Isn't He just a story in a book? How can I know?

People even think me arrogant in my confidence.... How can I be sure?

Why my God?

Because He is the God who held me in the lowest moment of my life, and gave me hope...

Because He is the God who took the worst experience of my life, and gave it back to me, so I could give hope to others...

Because He is the God who brought fruit forth from barrenness....

Because He is the God who remembers all the hurts, all the sadness, all the tears, and has compassion.

Because He is the God who spoke to me, made a promise and carried it through, and carried me through while I had to wait... and wait... and wait...

Because He is the God who made many promises... and kept them all....

Because He is the God Who in the dark days always shines Light...

Because He is the God who never leaves me, or leaves me wanting....

Why my God?

Because He is real, and present, compassionate, and true.

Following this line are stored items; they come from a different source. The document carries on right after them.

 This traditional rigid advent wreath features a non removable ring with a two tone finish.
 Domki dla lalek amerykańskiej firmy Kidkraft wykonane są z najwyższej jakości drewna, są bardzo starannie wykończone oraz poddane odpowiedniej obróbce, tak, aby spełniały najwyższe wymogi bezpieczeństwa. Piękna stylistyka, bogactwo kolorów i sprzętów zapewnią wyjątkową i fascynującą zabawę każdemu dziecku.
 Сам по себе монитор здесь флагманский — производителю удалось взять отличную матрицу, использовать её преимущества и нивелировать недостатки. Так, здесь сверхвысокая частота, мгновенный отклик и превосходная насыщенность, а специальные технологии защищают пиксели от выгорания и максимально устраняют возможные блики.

Why my God? Because He is my God...

But this is what I commanded them, saying, ‘Obey My voice, and I will be your God, and you shall be My people. And walk in all the ways that I have commanded you, that it may be well with you.’
Jeremiah 7:23

Tuesday, September 8, 2009

Psalm 63:1-3 - Devotional

O God, You are my God;
Early will I seek You;
My soul thirsts for You;
My flesh longs for You
In a dry and thirsty land
Where there is no water.
So I have looked for You in the sanctuary,
To see Your power and Your glory.
Because Your lovingkindness is better than life,
My lips shall praise You.

Psalm 63:1-3


This is my current Facebook status. I spent a little time with the Lord last night doing business, and I went searching for a scripture. I wanted to look up "I will seek You," because the fact of the matter is, I don't think I have been like I should. I have allowed distractions to take precedence. I'm a little off track.

I don't think I'm "off the road" completely, but how far does it have to be to be causing a serious delay in God's purpose for my life? A little bit of compromise can be the equivalent of pulling over along the side of the road and setting up camp.

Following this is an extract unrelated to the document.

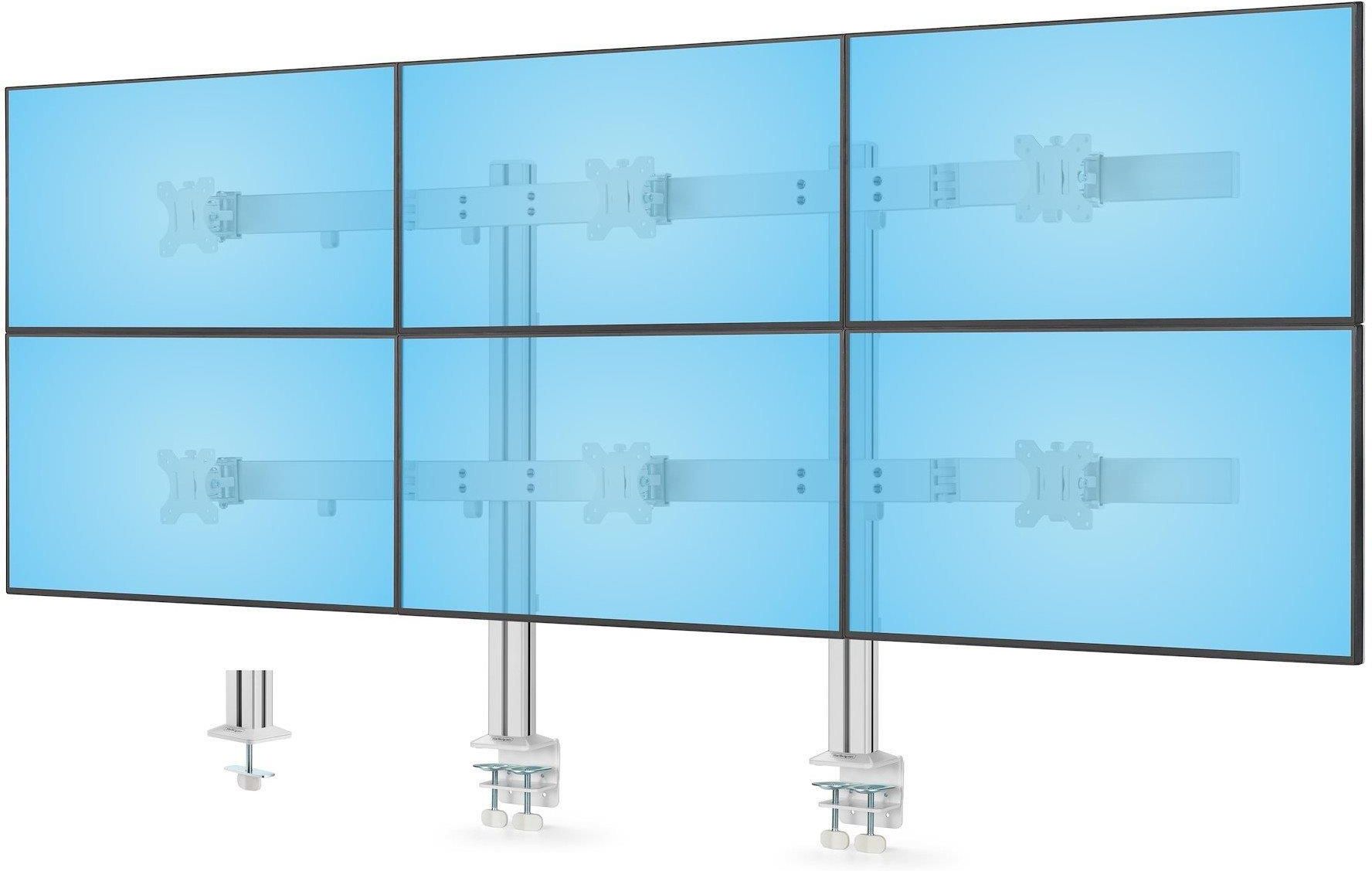 MONITOR SIX-MONITOR: Konstrukcja poprzeczna zapewnia stabilne poziome ustawienie monitorów przez cały czas, zapewniając płynne wrażenia wizualne; Sześć regulowanych uchwytów VESA 75 x 75/100 x 100 do 81 cm i 17,6 funta (8 kg) na ekran; konstrukcja aluminiowa i stalowa STABILNOŚĆ PODWÓJNEJ KOLUMNY: Wytrzymały uchwyt na monitor z podwójną kolumną z ulepszoną konstrukcją podstawy, która nie przechyla się z czasem, zapewnia bezpieczne i sztywne rozwiązanie montażowe na wielu monitorach; Zapewnia bardziej równomierne rozłożenie ciężaru na biurku, poprawiając ogólną stabilność IDEALNA KONSTRUKCJA 3X2: Indywidualna regulacja mikrowysokości dla precyzyjnego ustawienia każdego monitora; Zewnętrzne monitory mogą być ustawione pod kątem (+/-16°) w kierunku użytkownika; Każdy rząd ekranów można regulować na wysokości wzdłuż 34-calowych (86,3 cm) kolumn (w zestawie narzędzia) REGULACJA WYŚWIETLACZA: Płyty VESA obsługują obrót +/-17°, nachylenie +/-34° i obrót ekranu o 360° w pionie/poziomie; Ergonomiczny uchwyt umożliwia przesuwanie monitorów wzdłuż poprzeczek o szerokości 1,8 m WSZECHSTRONNA INSTALACJA: Konstrukcja zacisku C do biurek o grubości 1-7,5 cm lub uchwytów z otworem przelotkowym do biurek o grubości 1–4,5 cm; zdejmowane płyty VESA do wygodnej instalacji/demontażu monitora; klipsy do zarządzania kablami do poprzeczek i kolumn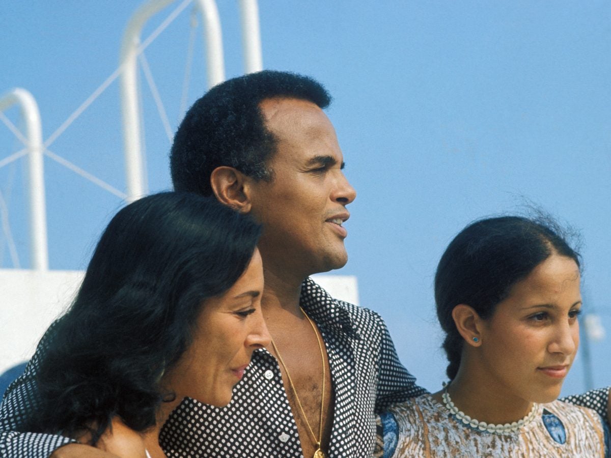 Le chanteur Harry Belafonte avec son épouse Julie et sa fille Gina le 25 juillet 1975 à Cannes, France. (Photo by Pool GINFRAY/MOUTIN/Gamma-Rapho via Getty Images)

As much as it turns out I enjoy camping, I really don't want to do it figuratively in my spiritual walk. I much prefer to be a constant traveler on the path the Lord has set before me. Mind you, not only looking ahead at what is to come, but rather walking along and experiencing every step of the travel with a sense of purpose and direction. I may not know where I am headed, but I want to be sure of Who I am following, knowing He knows the best way, and has purpose in every step of the trip. And should I be called to make stops along the way, I want it to be because He has called me to them, not because of laziness or distraction on my own part.

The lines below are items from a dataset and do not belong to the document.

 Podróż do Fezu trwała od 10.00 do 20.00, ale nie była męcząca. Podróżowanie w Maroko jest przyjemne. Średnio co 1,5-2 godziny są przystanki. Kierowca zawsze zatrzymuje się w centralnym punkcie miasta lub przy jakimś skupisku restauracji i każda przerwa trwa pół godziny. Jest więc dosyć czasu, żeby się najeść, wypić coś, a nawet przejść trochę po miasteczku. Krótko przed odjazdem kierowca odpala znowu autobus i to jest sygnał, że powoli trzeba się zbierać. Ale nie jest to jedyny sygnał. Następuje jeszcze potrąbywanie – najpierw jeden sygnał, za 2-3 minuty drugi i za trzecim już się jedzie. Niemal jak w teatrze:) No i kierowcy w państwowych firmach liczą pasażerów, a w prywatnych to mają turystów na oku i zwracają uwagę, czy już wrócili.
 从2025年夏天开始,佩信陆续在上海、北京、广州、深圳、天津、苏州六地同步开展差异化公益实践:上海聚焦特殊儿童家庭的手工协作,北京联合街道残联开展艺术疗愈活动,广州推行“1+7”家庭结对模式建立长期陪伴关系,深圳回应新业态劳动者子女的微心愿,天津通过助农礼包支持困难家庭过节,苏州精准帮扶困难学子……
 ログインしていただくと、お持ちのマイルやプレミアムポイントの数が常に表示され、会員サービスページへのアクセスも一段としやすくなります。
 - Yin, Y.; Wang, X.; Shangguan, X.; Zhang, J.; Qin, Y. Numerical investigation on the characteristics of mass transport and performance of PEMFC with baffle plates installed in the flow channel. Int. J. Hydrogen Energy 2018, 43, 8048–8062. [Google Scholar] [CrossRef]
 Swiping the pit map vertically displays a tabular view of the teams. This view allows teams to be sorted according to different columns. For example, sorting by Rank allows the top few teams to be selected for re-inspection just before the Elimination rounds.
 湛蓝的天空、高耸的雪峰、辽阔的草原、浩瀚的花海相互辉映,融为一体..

I long for this, the sense of direction and purpose, the sense of God's presence that comes with it. I will seek the Lord because my flesh and soul long and thirst for Him, and will be satisfied with nothing less. This world, this land I travel through is a desert, but the Lord will sustain me in it. As the land seems to grow more dry and good fruit more sparse, I am determined to walk closely with the One who will strengthen and sustain me on the journey.

Lord, lead me. Please help me walk with You and with purpose. Your love is better than life...

These are the words I long to meditate on today, and purpose to apply in my life. By your grace Lord.